• [Exercise requirements]:
Make an exact copy of the entries below, with all images left out.

• [Collected data entries]:
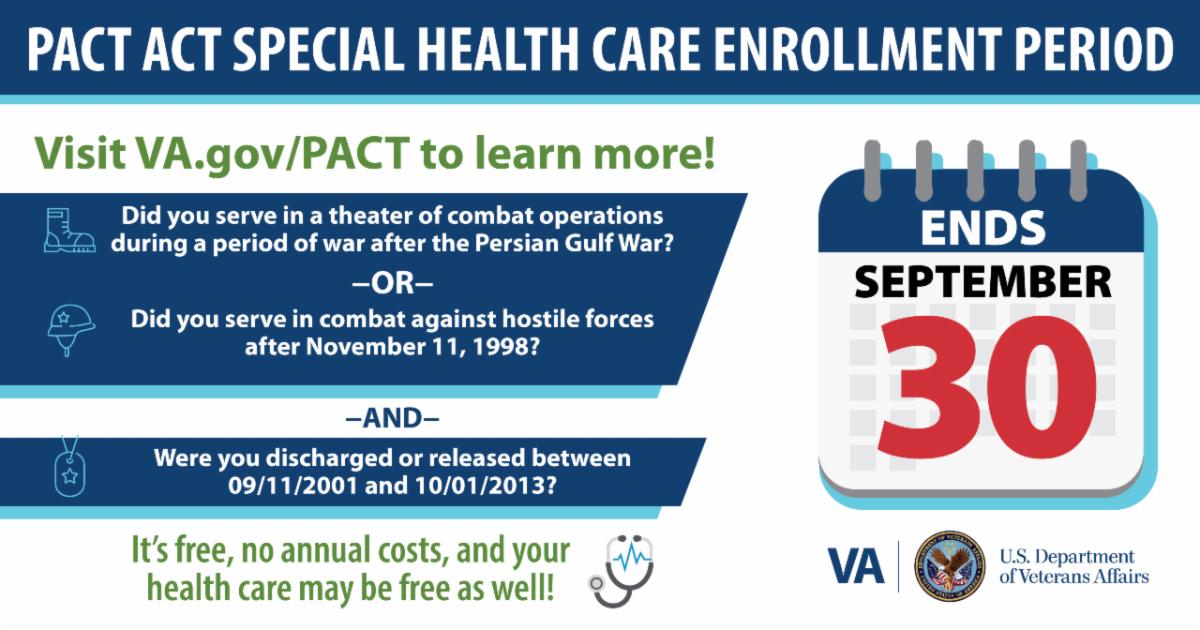 Post-9/11 combat veterans who served between 2001 and 2013 have until Sept. 30 to enroll in Department of Veterans Affairs health care. The date will conclude a one-year "special enrollment period" provided by the PACT Act.
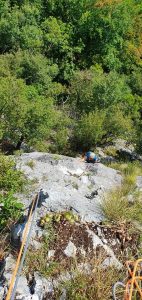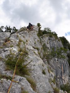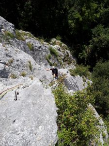 V soboto smo se, zaradi malo slabše vremenske napovedi v hribih, odločili, da gremo plezati na Kozjek. V Velenju smo se dobili Jure, Tanja, Nik, Miha in jaz in se skupaj odpeljali proti Socki, po poti pa smo pobrali še Luko. Ko smo se pripeljali do Socke smo že videli stene kamor smo bili namenjeni, ob pogledu v nebo pa smo se zavedali da nam bo še kako vroče. Ko smo prispeli do parkirišča, je nam tečajnikom, Jure veselo v roke potisnil opis dostopa in dodelil nalogo, da poiščemo izhodišča za današnjo plezanje. Vstope v smeri smo z nekaj manjšimi namigi inštruktorjev hitro našli, se razdelili po navezah, izbrali vsak svojo smer, se pripravili in začeli s plezanjem. Z Lukom sva najprej plezala Dišeče rože. Vse raztežaje sem plezal kot drugi in poslušal Luko kako je vriskal, ko je na vsakih nekaj metrov prijel za kakšno ne stabilno skalo ali martinčka. Smer je bila zelo lepa, tu in tam malo zaraščena in s posladkom (detajlom) v zadnjem raztežaju. Sestopila sva po gozdni potki ob melišču, desno od vrha smeri. Ko sva prišla nazaj pod steno, sva se odločila da splezava še Staro smer, katero sta pred nama plezala Nik in Tanja. Tokrat sem celotno smer plezal naprej. Tudi tukaj je bila plezarija lepa, smer je bila zelo lepo opremljena s klini, svedrovci in gurtnami, zato ni bilo potrebno nameščati dodatnih varoval. Ko sva priplezala na vrh mi je Luka čestital, nato pa sva se po že znanem sestopu spustila nazaj do izhodišča. Ker nama je bilo zelo vroče in sva bila že rahlo utrujena, sva sklenila da imava za ta dan zadosti plezanja. Pod steno sva počakala, da se iz nje vrnejo še Jure, Miha ,Tanja in Nik. Skupaj smo odšli do avtomobilov in na zasluženo pijačo, kjer smo malo poklepetali in nazdravili na Mihov rojstni dan.
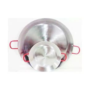 01 Paellera - Tacho de Aço Inox 2mm 9 Litros com alça Vermelha
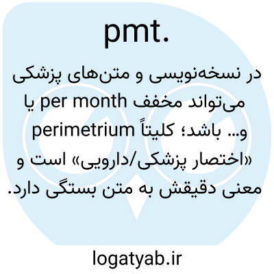 در نسخه‌نویسی و متن‌های پزشکی می‌تواند مخفف per month یا perimetrium و… باشد؛ کلیتاً «اختصار پزشکی/دارویی» است و معنی دقیقش به متن بستگی دارد.
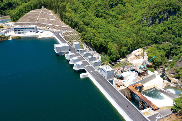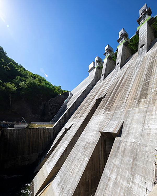 堤高116m、総貯水容量約1億m3。計画から完成まで実に68年もの年月を要したスポーツベット 登録が竣工を迎えました。堤高100mを超えるダムの建設は、当社では初めての経験です。本工事では、施工日数を短縮する技術提案が求められていました。堤体のコンクリート打設において、打設速度の速い内部コンクリートを打設速度の遅い外部コンクリートよりも先行して施工して全体の打設速度を向上させる巡航RCD工法を採用し、月間最大7万m3のコンクリートを打設。その他、点検用通路や洪水吐の一部などのPCa化を取り入れ、大幅な工期短縮を実現しました。
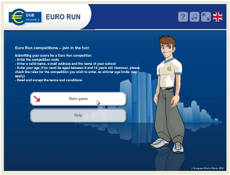 A partir de 1 enero a 31 marzo 2012, el Banco Central Europeo organiza un concurso de euros en línea de ejecución para los niños de edades comprendidas entre 9 y 12 y que residen en la Unión Europea (con exclusión de las regiones ultraperiféricas y los países y territorios de ultramar). Para competir, los jugadores están obligados a aceptar los siguientes términos y condiciones, introduzca el código de la competencia y registrar su nombre completo, edad y dirección de correo electrónico.
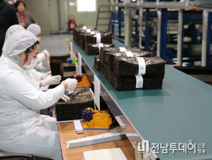 신안 소재 수출업체 ㈜신안천사김은 최근 미국 코스트코의 조미김 주문량 증가에 맞춰 적기 생산과 납품을 이어가고 있다.
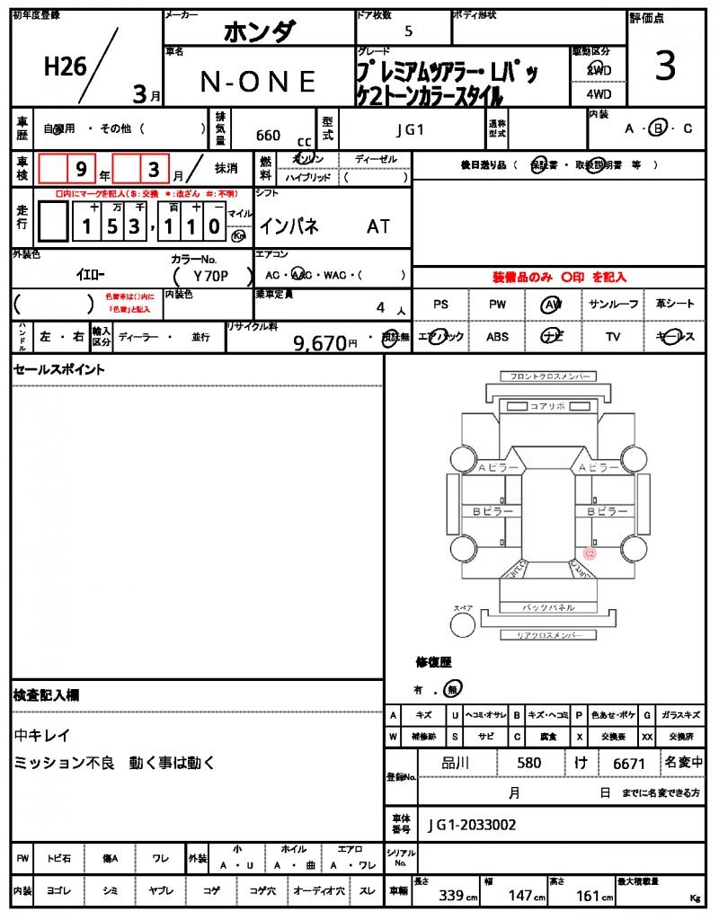 | Manufacturer | HONDA | Model | N-ONE |
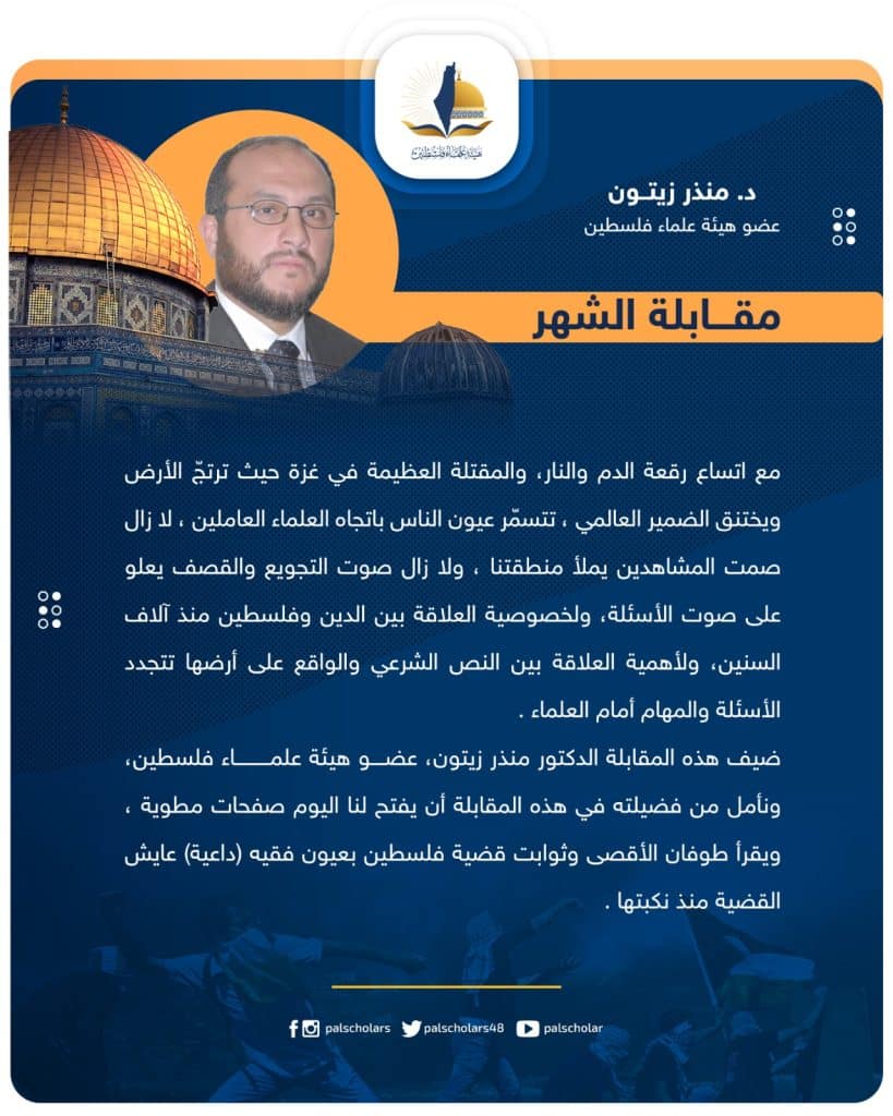 13. فضيلة د. منذر بعد كل هذه التجارب ومعايشة العلماء والقضية، ما هي رسالتكم ووصيتكم للعلماء الشباب الذين يقفون على الحياد أو الذين يضّحون ويستعدون لمعركة الأمة القادمة؟
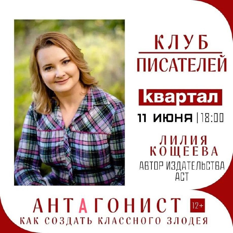 Четвёртое собрание "Клуба писателей" Обсудят тему: "Антагонист. Как создать классного злодея" 🗓️ 11 июня, 18.00 📍Квартал, Ленина 78 Разберёмся в понятии "антагонист": - всегда ли нужен антагонист и зачем; - какие типы антагонистов бывают; - разные уровни антагонистов. Обсудим, как создать крутого злодея на примере известных персонажей в истории кино и литературы. Цель собраний: - объединить авторов Ульяновска, создать творческое сообщество, взаимная поддержка и обмен опытом. Ведущая: Лилия Кощеева — преподаватель, автор издательства АСТ. Вход свободный 🏷️ #11июня25
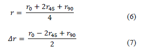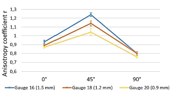 The results of the 5 samples were averaged and the values of r in each direction were obtained: r0, r45y r90, for each thickness.
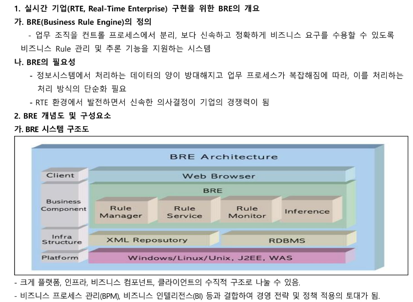 ㅇ 기업 업무 프로세스 변경을 자동화하기 위해 BRE와 BPM, BAM을 조합
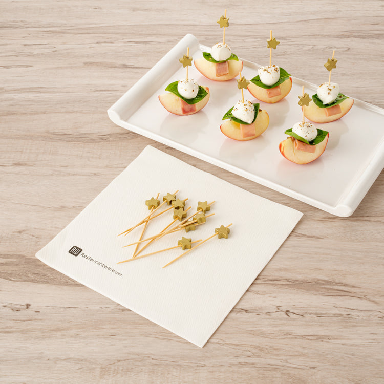 Add glamour to your burgers by using our Gold Bamboo Star Skewers. Made from premium bamboo, these skewers for appetizers are durable and break-resistant to confidently pierce through food. Featuring a golden star on the decorative end, these skewers for appetizers spruce up dishes at your restaurant or cafe. These skewers for marshmallows don't get heated and allow your customers to relish hot starters without burning their fingers. The pointed edge of these wooden brochettes pierces slices of pineapple, olives, or lemons easily, letting you garnish cocktails. Conveniently disposable, these cocktail picks are highly sustainable and speed up your post-event cleanup process. The microwavable feature of these skewer sticks allows you to reheat the leftover single-bite foods when needed. With a smooth, splinter-free surface, these sandwich skewers let your guests enjoy their starters and dips comfortably. These bamboo skewers let you serve finger foods conveniently, allowing your guests to eat their appetizers without a mess. Measuring 3.5 inches in length, these cocktail skewers are an apt choice for shrimp, sandwiches, fruit kabobs, or canapes. Shipped in a 100 count box.
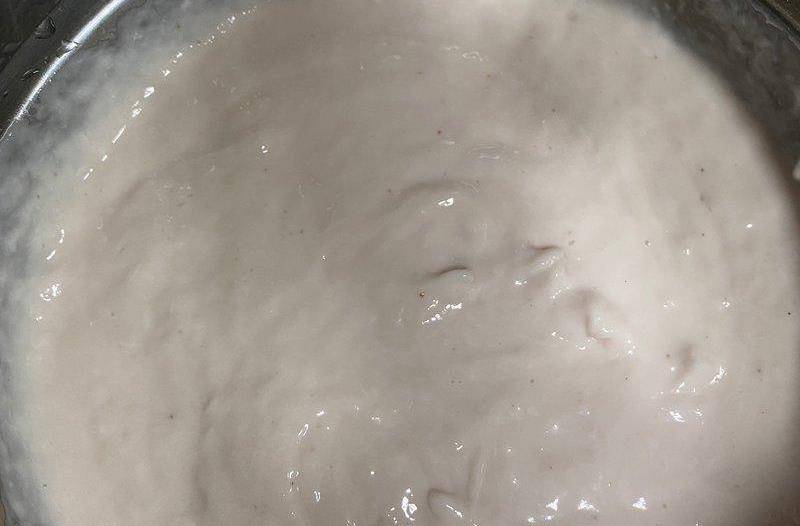 魚茸裡加入鹽和白胡椒粉,再加入玉米淀粉,繼續順著一個方向攪拌
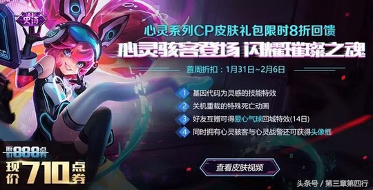 心灵系列的心灵骇客和心灵战警皮肤,只有首周才有折扣,想买的抓紧时间(⊙o⊙)哦,虽然上次小编说了安琪拉心灵骇客皮肤有点小问题,但是天美很快就会更新的,大家放心!
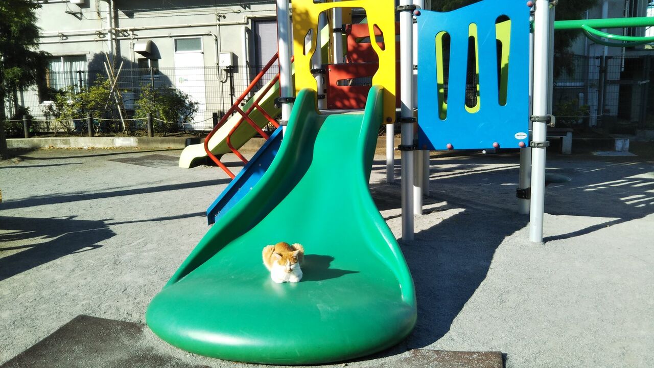 もちろん猫が滑り台で遊んでいる訳ではなく、10月も今日で終わりということもあって外が寒くなってきた中、ここが日なたということで滑り台が暖かいためだと思われます。
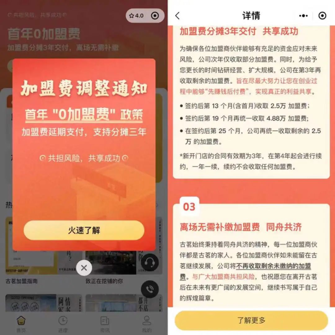2024年3月29日起,古茗實行首年“0加盟費”政策,加盟費共計9.88萬,加盟費可分攤3年支付。如果中途離場,無需補繳加盟費,不再收取剩余未繳納的加盟費。官方給出的前期總預算23萬起,不包含租金、轉讓費、加盟費。

• [Result below]:
 Post-9/11 combat veterans who served between 2001 and 2013 have until Sept. 30 to enroll in Department of Veterans Affairs health care. The date will conclude a one-year "special enrollment period" provided by the PACT Act.
 V soboto smo se, zaradi malo slabše vremenske napovedi v hribih, odločili, da gremo plezati na Kozjek. V Velenju smo se dobili Jure, Tanja, Nik, Miha in jaz in se skupaj odpeljali proti Socki, po poti pa smo pobrali še Luko. Ko smo se pripeljali do Socke smo že videli stene kamor smo bili namenjeni, ob pogledu v nebo pa smo se zavedali da nam bo še kako vroče. Ko smo prispeli do parkirišča, je nam tečajnikom, Jure veselo v roke potisnil opis dostopa in dodelil nalogo, da poiščemo izhodišča za današnjo plezanje. Vstope v smeri smo z nekaj manjšimi namigi inštruktorjev hitro našli, se razdelili po navezah, izbrali vsak svojo smer, se pripravili in začeli s plezanjem. Z Lukom sva najprej plezala Dišeče rože. Vse raztežaje sem plezal kot drugi in poslušal Luko kako je vriskal, ko je na vsakih nekaj metrov prijel za kakšno ne stabilno skalo ali martinčka. Smer je bila zelo lepa, tu in tam malo zaraščena in s posladkom (detajlom) v zadnjem raztežaju. Sestopila sva po gozdni potki ob melišču, desno od vrha smeri. Ko sva prišla nazaj pod steno, sva se odločila da splezava še Staro smer, katero sta pred nama plezala Nik in Tanja. Tokrat sem celotno smer plezal naprej. Tudi tukaj je bila plezarija lepa, smer je bila zelo lepo opremljena s klini, svedrovci in gurtnami, zato ni bilo potrebno nameščati dodatnih varoval. Ko sva priplezala na vrh mi je Luka čestital, nato pa sva se po že znanem sestopu spustila nazaj do izhodišča. Ker nama je bilo zelo vroče in sva bila že rahlo utrujena, sva sklenila da imava za ta dan zadosti plezanja. Pod steno sva počakala, da se iz nje vrnejo še Jure, Miha ,Tanja in Nik. Skupaj smo odšli do avtomobilov in na zasluženo pijačo, kjer smo malo poklepetali in nazdravili na Mihov rojstni dan.
 01 Paellera - Tacho de Aço Inox 2mm 9 Litros com alça Vermelha
 در نسخه‌نویسی و متن‌های پزشکی می‌تواند مخفف per month یا perimetrium و… باشد؛ کلیتاً «اختصار پزشکی/دارویی» است و معنی دقیقش به متن بستگی دارد.
 堤高116m、総貯水容量約1億m3。計画から完成まで実に68年もの年月を要したスポーツベット 登録が竣工を迎えました。堤高100mを超えるダムの建設は、当社では初めての経験です。本工事では、施工日数を短縮する技術提案が求められていました。堤体のコンクリート打設において、打設速度の速い内部コンクリートを打設速度の遅い外部コンクリートよりも先行して施工して全体の打設速度を向上させる巡航RCD工法を採用し、月間最大7万m3のコンクリートを打設。その他、点検用通路や洪水吐の一部などのPCa化を取り入れ、大幅な工期短縮を実現しました。
 A partir de 1 enero a 31 marzo 2012, el Banco Central Europeo organiza un concurso de euros en línea de ejecución para los niños de edades comprendidas entre 9 y 12 y que residen en la Unión Europea (con exclusión de las regiones ultraperiféricas y los países y territorios de ultramar). Para competir, los jugadores están obligados a aceptar los siguientes términos y condiciones, introduzca el código de la competencia y registrar su nombre completo, edad y dirección de correo electrónico.
 신안 소재 수출업체 ㈜신안천사김은 최근 미국 코스트코의 조미김 주문량 증가에 맞춰 적기 생산과 납품을 이어가고 있다.
 | Manufacturer | HONDA | Model | N-ONE |
 13. فضيلة د. منذر بعد كل هذه التجارب ومعايشة العلماء والقضية، ما هي رسالتكم ووصيتكم للعلماء الشباب الذين يقفون على الحياد أو الذين يضّحون ويستعدون لمعركة الأمة القادمة؟
 Четвёртое собрание "Клуба писателей" Обсудят тему: "Антагонист. Как создать классного злодея" 🗓️ 11 июня, 18.00 📍Квартал, Ленина 78 Разберёмся в понятии "антагонист": - всегда ли нужен антагонист и зачем; - какие типы антагонистов бывают; - разные уровни антагонистов. Обсудим, как создать крутого злодея на примере известных персонажей в истории кино и литературы. Цель собраний: - объединить авторов Ульяновска, создать творческое сообщество, взаимная поддержка и обмен опытом. Ведущая: Лилия Кощеева — преподаватель, автор издательства АСТ. Вход свободный 🏷️ #11июня25
 The results of the 5 samples were averaged and the values of r in each direction were obtained: r0, r45y r90, for each thickness.
 ㅇ 기업 업무 프로세스 변경을 자동화하기 위해 BRE와 BPM, BAM을 조합
 Add glamour to your burgers by using our Gold Bamboo Star Skewers. Made from premium bamboo, these skewers for appetizers are durable and break-resistant to confidently pierce through food. Featuring a golden star on the decorative end, these skewers for appetizers spruce up dishes at your restaurant or cafe. These skewers for marshmallows don't get heated and allow your customers to relish hot starters without burning their fingers. The pointed edge of these wooden brochettes pierces slices of pineapple, olives, or lemons easily, letting you garnish cocktails. Conveniently disposable, these cocktail picks are highly sustainable and speed up your post-event cleanup process. The microwavable feature of these skewer sticks allows you to reheat the leftover single-bite foods when needed. With a smooth, splinter-free surface, these sandwich skewers let your guests enjoy their starters and dips comfortably. These bamboo skewers let you serve finger foods conveniently, allowing your guests to eat their appetizers without a mess. Measuring 3.5 inches in length, these cocktail skewers are an apt choice for shrimp, sandwiches, fruit kabobs, or canapes. Shipped in a 100 count box.
 魚茸裡加入鹽和白胡椒粉,再加入玉米淀粉,繼續順著一個方向攪拌
 心灵系列的心灵骇客和心灵战警皮肤,只有首周才有折扣,想买的抓紧时间(⊙o⊙)哦,虽然上次小编说了安琪拉心灵骇客皮肤有点小问题,但是天美很快就会更新的,大家放心!
 もちろん猫が滑り台で遊んでいる訳ではなく、10月も今日で終わりということもあって外が寒くなってきた中、ここが日なたということで滑り台が暖かいためだと思われます。
2024年3月29日起,古茗實行首年“0加盟費”政策,加盟費共計9.88萬,加盟費可分攤3年支付。如果中途離場,無需補繳加盟費,不再收取剩余未繳納的加盟費。官方給出的前期總預算23萬起,不包含租金、轉讓費、加盟費。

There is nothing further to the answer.